In the copy, include all of the listing exactly and none of its pictures.

★ ★ ★ ★

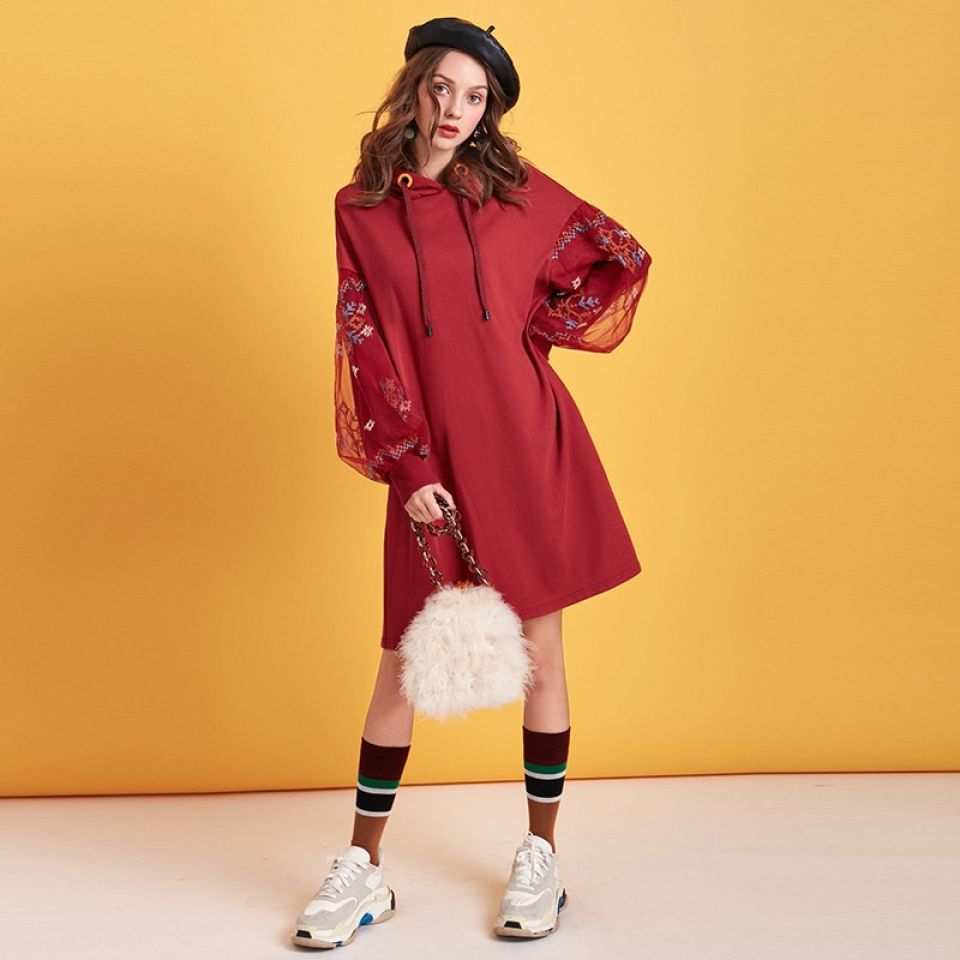 Be the first to review “Mesh Embroidery Hooded Drp-Shoulder Sweatshirt Dress” Cancel reply
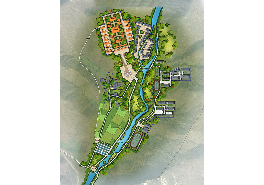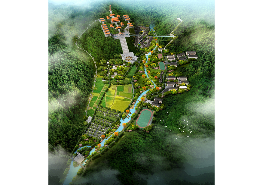 駐馬店忠國(guó)寺項(xiàng)目選址位于河南省駐馬店市,距離市區(qū)約50公里,占地面積共約30000畝,總建筑面積約8萬方。用地現(xiàn)狀自然分光、地形地貌獨(dú)特,且風(fēng)水極佳,背有高山、前有流水、位于山谷之中,藏風(fēng)聚氣。整個(gè)項(xiàng)目圍繞忠國(guó)寺以“禪行”文化展開設(shè)計(jì),規(guī)劃有六大板塊,包含忠國(guó)寺寺廟區(qū)、衡水中學(xué)駐馬店分校、文武學(xué)校、養(yǎng)生素齋館、精品民宿區(qū)、北影影視基地。同時(shí)項(xiàng)目含有萬佛大道、景觀索道、玻璃通天橋、聯(lián)姻橋、水上樂園等交通、旅游方面配套設(shè)施。
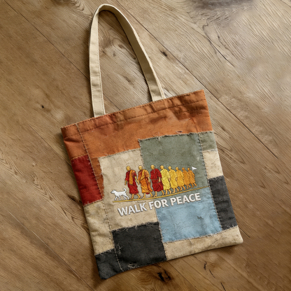 Walking Peace Slogan In Patchwork Ecofriendly Tote Bag
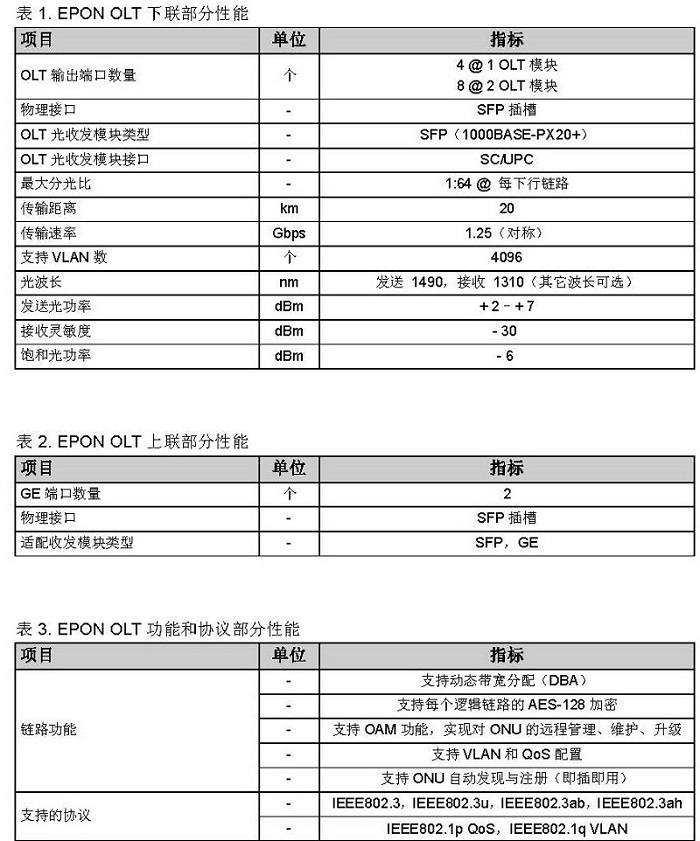 EPON OLT 部分特性
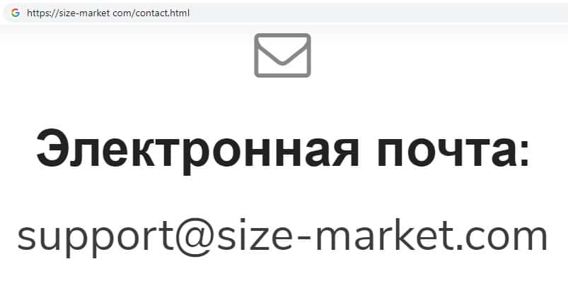 Жульническая организация Сайз Маркет, о местонахождении главного офиса которой ничего не известно, на своем официальном сайте не указала номера контактного телефона своей организации, но при этом аферисты указывают только адрес электронной почты своей конторы, который указан ниже:
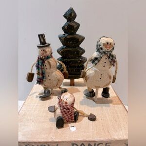 VTG 90s Holiday Christmas Snow Dance, Let it Snow, Snowman Family Wooden Decor
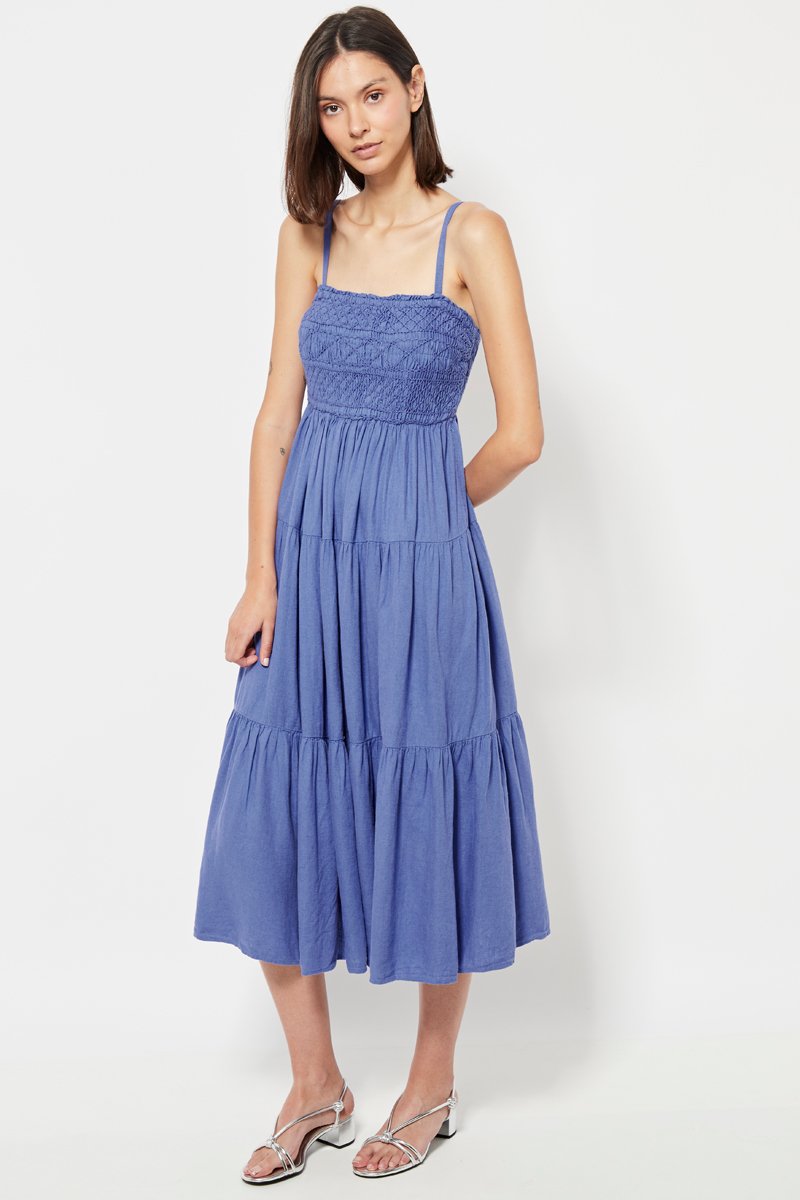 Midi-jurk van linnenmix.

★ ★ ★ ★

→ **TASK RESULT**
 Be the first to review “Mesh Embroidery Hooded Drp-Shoulder Sweatshirt Dress” Cancel reply
 駐馬店忠國(guó)寺項(xiàng)目選址位于河南省駐馬店市,距離市區(qū)約50公里,占地面積共約30000畝,總建筑面積約8萬方。用地現(xiàn)狀自然分光、地形地貌獨(dú)特,且風(fēng)水極佳,背有高山、前有流水、位于山谷之中,藏風(fēng)聚氣。整個(gè)項(xiàng)目圍繞忠國(guó)寺以“禪行”文化展開設(shè)計(jì),規(guī)劃有六大板塊,包含忠國(guó)寺寺廟區(qū)、衡水中學(xué)駐馬店分校、文武學(xué)校、養(yǎng)生素齋館、精品民宿區(qū)、北影影視基地。同時(shí)項(xiàng)目含有萬佛大道、景觀索道、玻璃通天橋、聯(lián)姻橋、水上樂園等交通、旅游方面配套設(shè)施。
 Walking Peace Slogan In Patchwork Ecofriendly Tote Bag
 EPON OLT 部分特性
 Жульническая организация Сайз Маркет, о местонахождении главного офиса которой ничего не известно, на своем официальном сайте не указала номера контактного телефона своей организации, но при этом аферисты указывают только адрес электронной почты своей конторы, который указан ниже:
 VTG 90s Holiday Christmas Snow Dance, Let it Snow, Snowman Family Wooden Decor
 Midi-jurk van linnenmix.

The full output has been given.